The report, conducted with French research institute, Le BIPE, is the first study based on real usage data from BlaBlaCar’s community of 70 million car-poolers.
Le BIPE looked at the real usage data over 12 months and surveyed the 6,884 members across eight countries.
The results show that the car-pooling initiative doubles the number of people travelling whilst operating a carbon-saving network. In total, 1.6 million tonnes of CO2 were saved by BlaBlaCar car-poolers in 2018, thanks to the relative efficiency of filled cars versus alternative modes of transport and members’ improved driving behaviours whilst carpooling.
This is equal to the CO2 absorbed in a year by a forest the size of 730,000 football pitches.
With only 1.6 per cent more cars on the road, car-pooling enables the transport of two times the number of passengers in cars (+210 per cent).
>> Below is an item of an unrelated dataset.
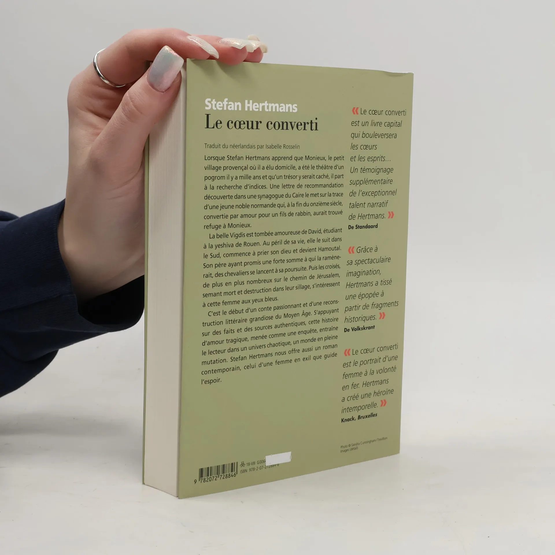 Lorsque Stefan Hertmans apprend que Monieux, le petit village provençal où il a élu domicile, a été le théâtre d'un pogrom il y a mille ans et qu'un trésor y serait caché, il part à la recherche d'indices. Une lettre de recommandation découverte dans une synagogue du Caire le met sur la trace d'une jeune noble normande qui, à la fin du onzième siècle, convertie par amour pour un fils de rabbin, aurait trouvé refuge à Monieux. La belle Vigdis est tombée amoureuse de David, étudiant à la yeshiva de Rouen. Au péril de sa vie, elle le suit dans le Sud, commence à prier son dieu et devient Hamoutal. Son père ayant promis une forte somme à qui la ramènerait, des chevaliers se lancent à sa poursuite. Puis les croisés, de plus en plus nombreux sur le chemin de Jérusalem, semant mort et destruction dans leur sillage, s'intéressent à cette femme aux yeux bleus. C'est le début d'un conte passionnant et d'une reconstruction littéraire grandiose du Moyen Age. S'appuyant sur des faits et des sources authentiques, cette histoire d'amour tragique, menée comme une enquête, entraîne le lecteur dans un univers chaotique, un monde en pleine mutation. Stefan Hertmans nous offre aussi un roman contemporain, celui d'une femme en exil que guide l'espoir.

“The facts are simple – to protect the future of our environment, we must work together to take action today. These results show how car-pooling and shared mobility can significantly lower the carbon footprint of transport, without limiting travel aspirations or access to mobility,” said Nicolas Brusson, CEO and co-Founder of BlaBlaCar.
Currently, 75-80 per cent of long-distance travel in Europe is done by car, but with an average occupancy rate of only 1.9 people, most cars still have at least three seats left empty.
The Zero Empty Seats report presents four different scenarios based on ongoing innovations. From scaling car-pooling for commuting, to delivering a door-to-door travel experience, multiple levers exist to help save an annual total of 6.4 million tonnes of CO2 in 2023.